====== Provided material

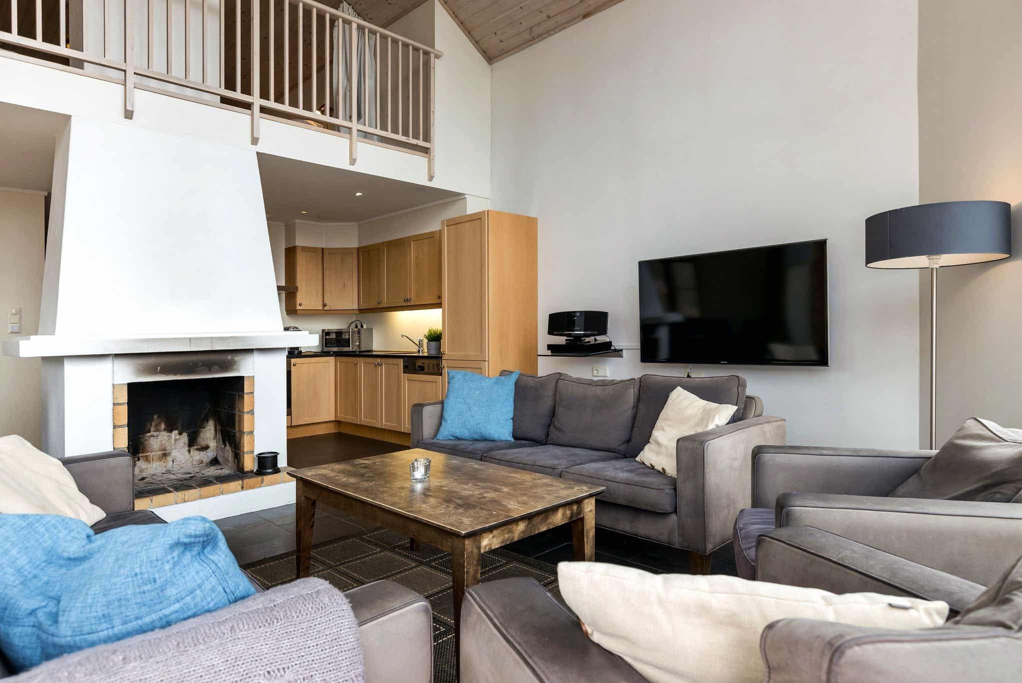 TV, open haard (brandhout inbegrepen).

============
====== Provided material

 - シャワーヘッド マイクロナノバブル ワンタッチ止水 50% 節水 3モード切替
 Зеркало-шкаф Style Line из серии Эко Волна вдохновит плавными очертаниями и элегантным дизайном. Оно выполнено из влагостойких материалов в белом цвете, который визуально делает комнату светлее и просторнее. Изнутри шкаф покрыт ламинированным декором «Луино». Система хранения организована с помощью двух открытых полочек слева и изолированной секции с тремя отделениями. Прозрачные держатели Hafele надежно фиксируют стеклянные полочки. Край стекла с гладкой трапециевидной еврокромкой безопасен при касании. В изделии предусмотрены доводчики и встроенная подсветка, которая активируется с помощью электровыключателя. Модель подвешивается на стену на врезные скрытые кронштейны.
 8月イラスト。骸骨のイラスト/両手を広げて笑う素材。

============

• Exercise requirements:
Print, without alteration, only the lines above between the one holding "Зеркало-шкаф Style Line" and the one holding "8月イラスト。骸骨のイラスト/両手を広げて笑う素材。", inclusive.

• Answer for the task:
 Зеркало-шкаф Style Line из серии Эко Волна вдохновит плавными очертаниями и элегантным дизайном. Оно выполнено из влагостойких материалов в белом цвете, который визуально делает комнату светлее и просторнее. Изнутри шкаф покрыт ламинированным декором «Луино». Система хранения организована с помощью двух открытых полочек слева и изолированной секции с тремя отделениями. Прозрачные держатели Hafele надежно фиксируют стеклянные полочки. Край стекла с гладкой трапециевидной еврокромкой безопасен при касании. В изделии предусмотрены доводчики и встроенная подсветка, которая активируется с помощью электровыключателя. Модель подвешивается на стену на врезные скрытые кронштейны.
 8月イラスト。骸骨のイラスト/両手を広げて笑う素材。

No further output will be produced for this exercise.